WHAT TO DO
All of the entries should be restated word for word, but without their pictures.

(Stored items)
--- --- ---
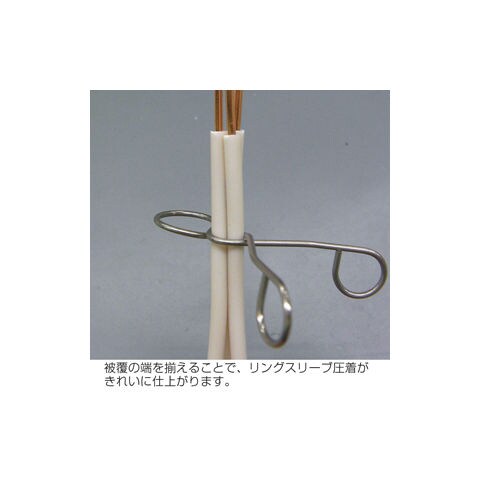 ◆リングスリーブを使用し圧着工具を用いて接続を行う際も、芯線被覆の端を揃えた状態を保持できるので、慣れない方でも素早く、きれいに圧着作業を行うことができます。
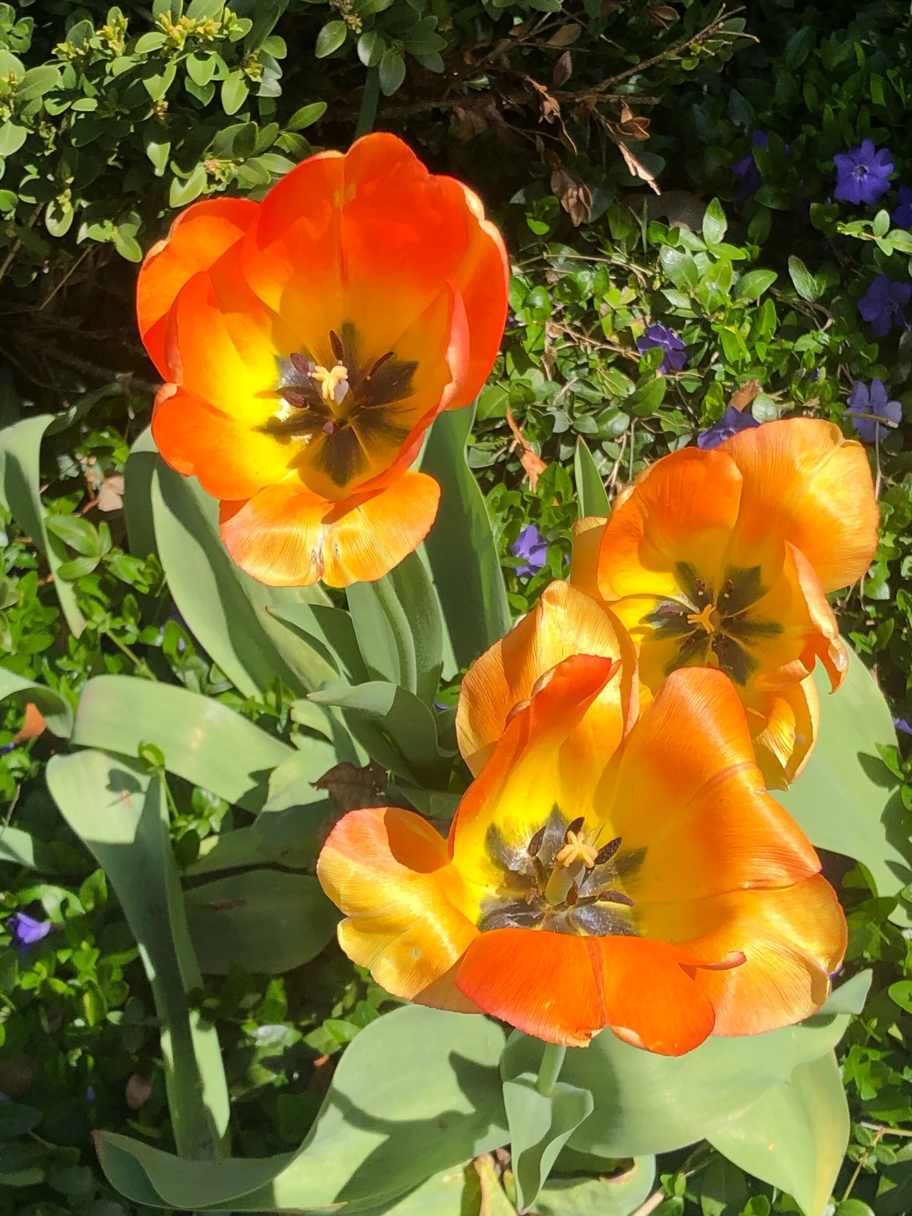 I don’t think things are so advanced that a frost will do harm. Serviceberry in full bloom, apple blossoms turning pink, redbud budding red, but pretty much everyone accustomed to May being variable. And, unlike a normal year, the rosemary bush, instead of being outside under the apple tree fending for itself, is still indoors being pampered.
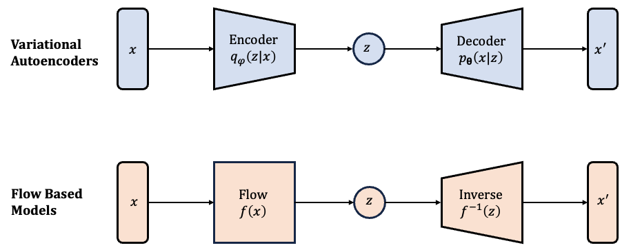 VAEs compress data into a lower-dimensional latent space using an encoder, then reconstruct it with a decoder. Flow-based models use a single invertible transformation that keeps the same dimensionality between input and latent space. This enables exact inference and likelihood computation.
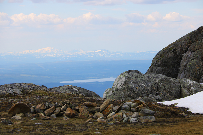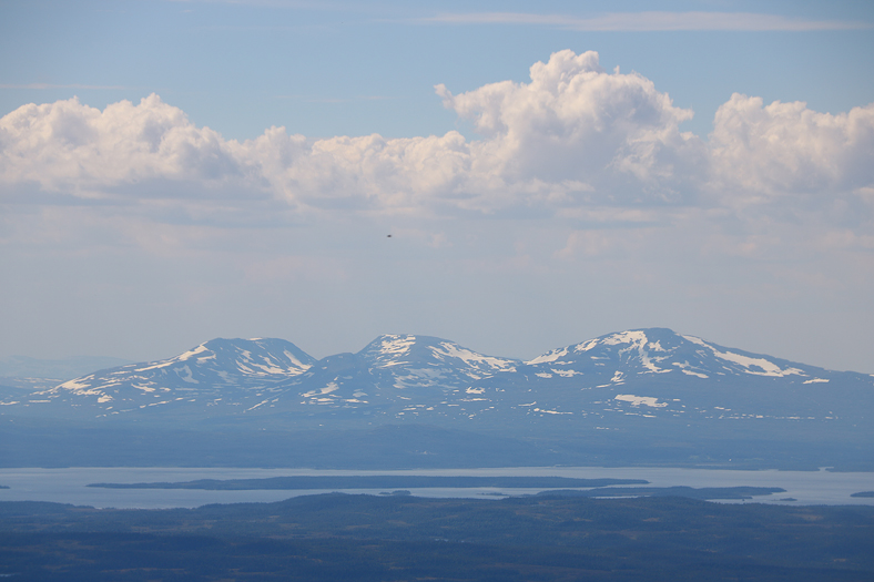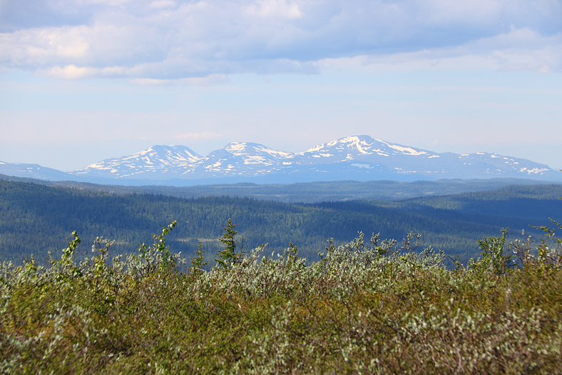 Vy bort mot den del av fjället som jag vandrade på vägen upp till toppen. Totthummeln till höger ser inte så mäktigt ut på avstånd, även om de branta skogsstigarna visade på något annat. 😉
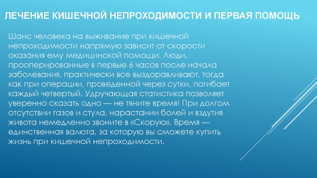 ЛЕЧЕНИЕ КИШЕЧНОЙ НЕПРОХОДИМОСТИ И ПЕРВАЯ ПОМОЩЬШанс человека на выживание при кишечной
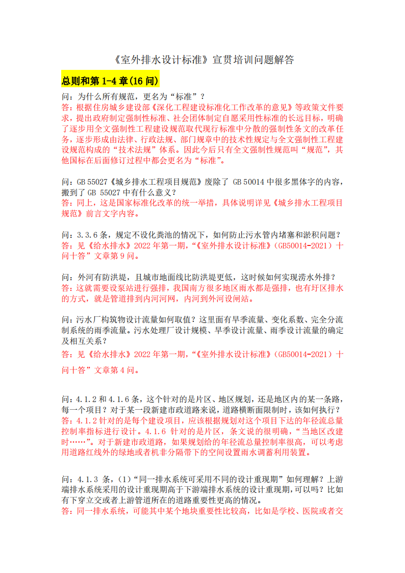 《室外排水设计标准》宣贯培训问题解答
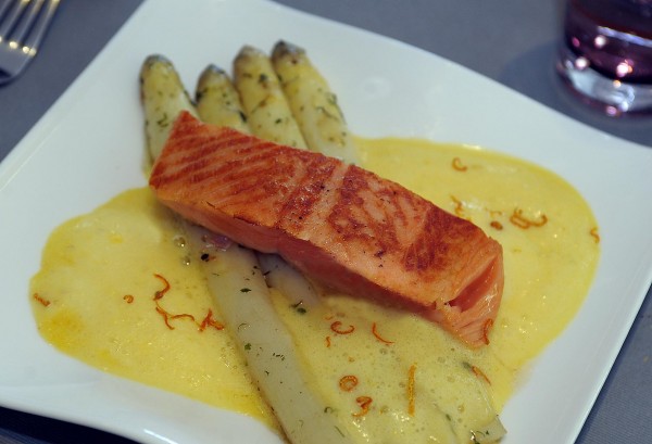 En plat chaud, ce jour là le chef proposait une aile de raie bouclée cuite à la plancha avec fenouil et blé comme une salade, des asperges blanches de Mr Clamaron avec une tranche de saumon fumé snackée et une brochette de bœuf avec sa pomme Pont Neuf de polenta et pesto de roquette.
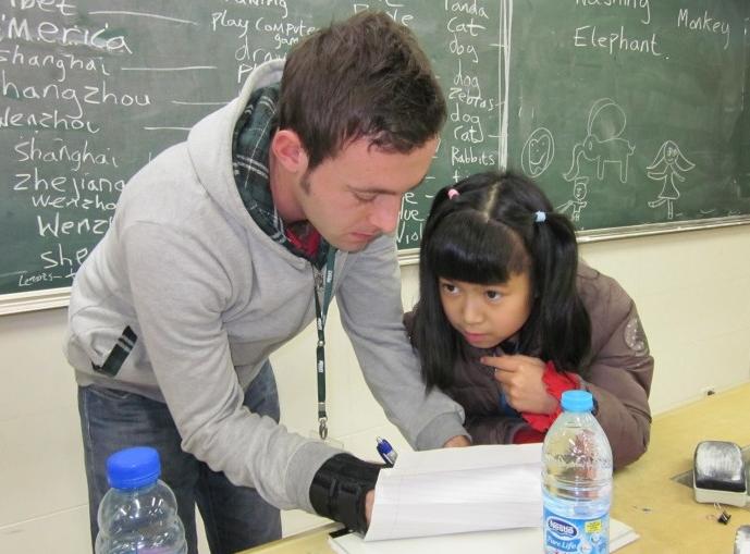 帥氣的外教輔導我們功課
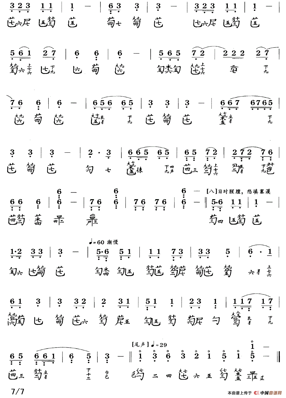 阳光三叠古筝谱/古琴谱(古琴 简谱版),阳光三叠简谱"
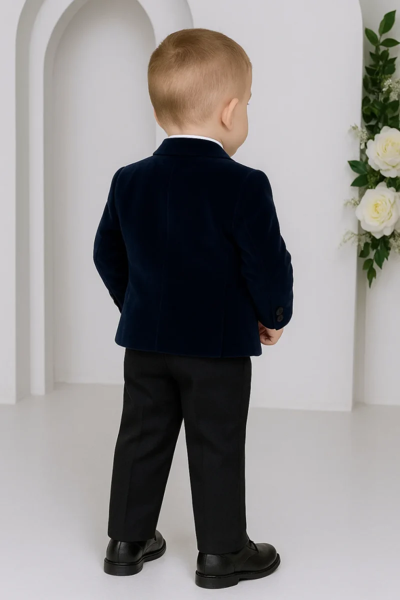 Be the first to review “Baby Boys Navy Velvet Tuxedo Suit Milano Mayfair 5 Piece”
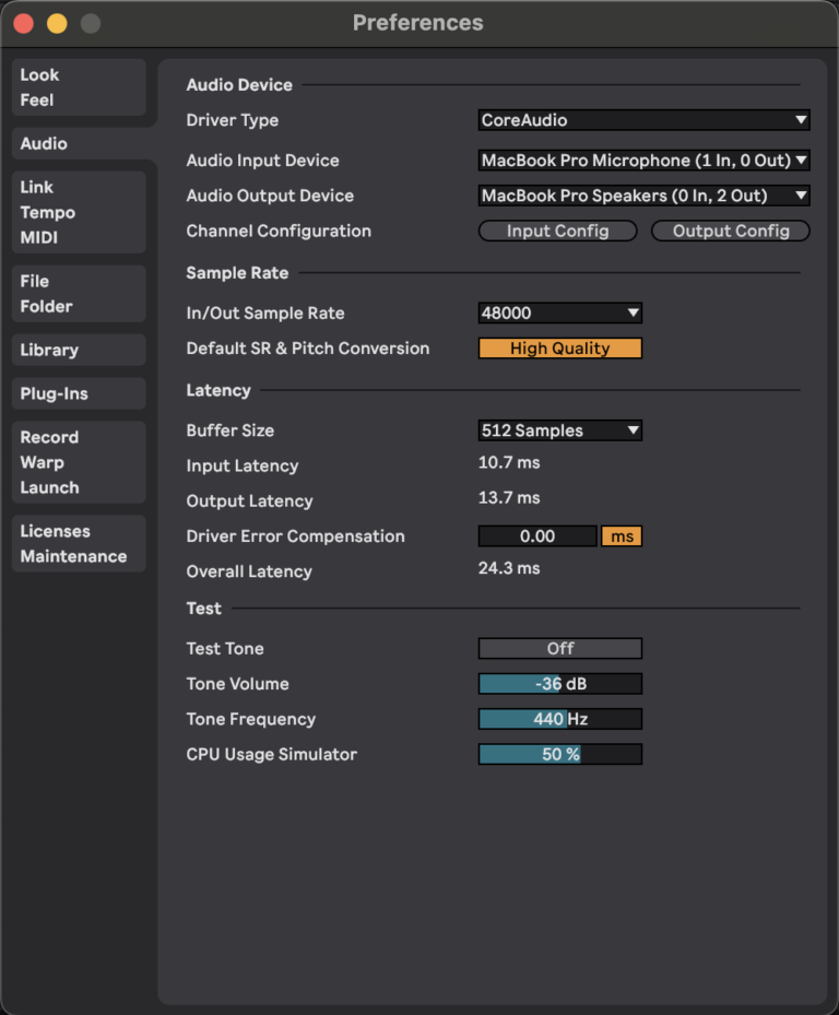 Within Ableton, all we need to do is go to our audio preferences, just like windows, however this time for our driver type, we need to have core audio selected.
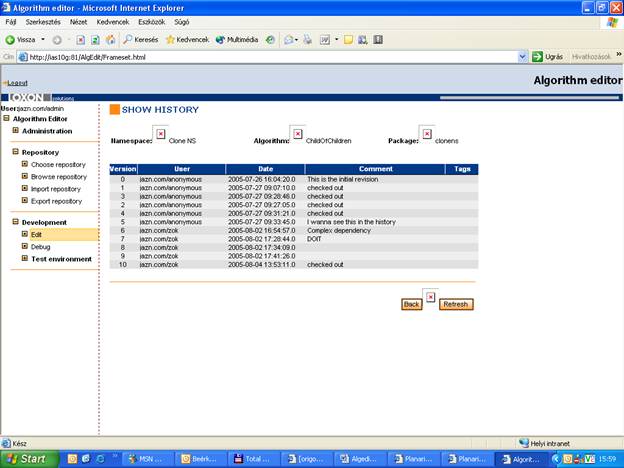 At the current development stage, we distinguish five algorithm states: created, checked out, modified, compiled, stable.
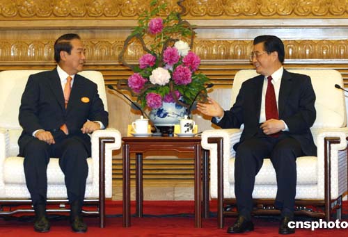 胡錦濤強(qiáng)調(diào),兩岸合則兩利,分則兩害。構(gòu)建和平穩(wěn)定發(fā)展的兩岸關(guān)系,對兩岸同胞有利,對中華民族的長遠(yuǎn)發(fā)展有利。我們黨愿同貴黨繼續(xù)為此一道努力。今年三月,我提出了新形勢下發(fā)展兩岸關(guān)系的四點(diǎn)意見,即:堅(jiān)持一個(gè)中國原則決不動(dòng)搖,爭取和平統(tǒng)一的努力決不放棄,貫徹寄希望于臺灣人民的方針決不改變,反對“臺獨(dú)”分裂活動(dòng)決不妥協(xié)。
--- --- ---
FINISHED EXERCISE
 ◆リングスリーブを使用し圧着工具を用いて接続を行う際も、芯線被覆の端を揃えた状態を保持できるので、慣れない方でも素早く、きれいに圧着作業を行うことができます。
 I don’t think things are so advanced that a frost will do harm. Serviceberry in full bloom, apple blossoms turning pink, redbud budding red, but pretty much everyone accustomed to May being variable. And, unlike a normal year, the rosemary bush, instead of being outside under the apple tree fending for itself, is still indoors being pampered.
 VAEs compress data into a lower-dimensional latent space using an encoder, then reconstruct it with a decoder. Flow-based models use a single invertible transformation that keeps the same dimensionality between input and latent space. This enables exact inference and likelihood computation.
 Vy bort mot den del av fjället som jag vandrade på vägen upp till toppen. Totthummeln till höger ser inte så mäktigt ut på avstånd, även om de branta skogsstigarna visade på något annat. 😉
 ЛЕЧЕНИЕ КИШЕЧНОЙ НЕПРОХОДИМОСТИ И ПЕРВАЯ ПОМОЩЬШанс человека на выживание при кишечной
 《室外排水设计标准》宣贯培训问题解答
 En plat chaud, ce jour là le chef proposait une aile de raie bouclée cuite à la plancha avec fenouil et blé comme une salade, des asperges blanches de Mr Clamaron avec une tranche de saumon fumé snackée et une brochette de bœuf avec sa pomme Pont Neuf de polenta et pesto de roquette.
 帥氣的外教輔導我們功課
 阳光三叠古筝谱/古琴谱(古琴 简谱版),阳光三叠简谱"
 Be the first to review “Baby Boys Navy Velvet Tuxedo Suit Milano Mayfair 5 Piece”
 Within Ableton, all we need to do is go to our audio preferences, just like windows, however this time for our driver type, we need to have core audio selected.
 At the current development stage, we distinguish five algorithm states: created, checked out, modified, compiled, stable.
 胡錦濤強(qiáng)調(diào),兩岸合則兩利,分則兩害。構(gòu)建和平穩(wěn)定發(fā)展的兩岸關(guān)系,對兩岸同胞有利,對中華民族的長遠(yuǎn)發(fā)展有利。我們黨愿同貴黨繼續(xù)為此一道努力。今年三月,我提出了新形勢下發(fā)展兩岸關(guān)系的四點(diǎn)意見,即:堅(jiān)持一個(gè)中國原則決不動(dòng)搖,爭取和平統(tǒng)一的努力決不放棄,貫徹寄希望于臺灣人民的方針決不改變,反對“臺獨(dú)”分裂活動(dòng)決不妥協(xié)。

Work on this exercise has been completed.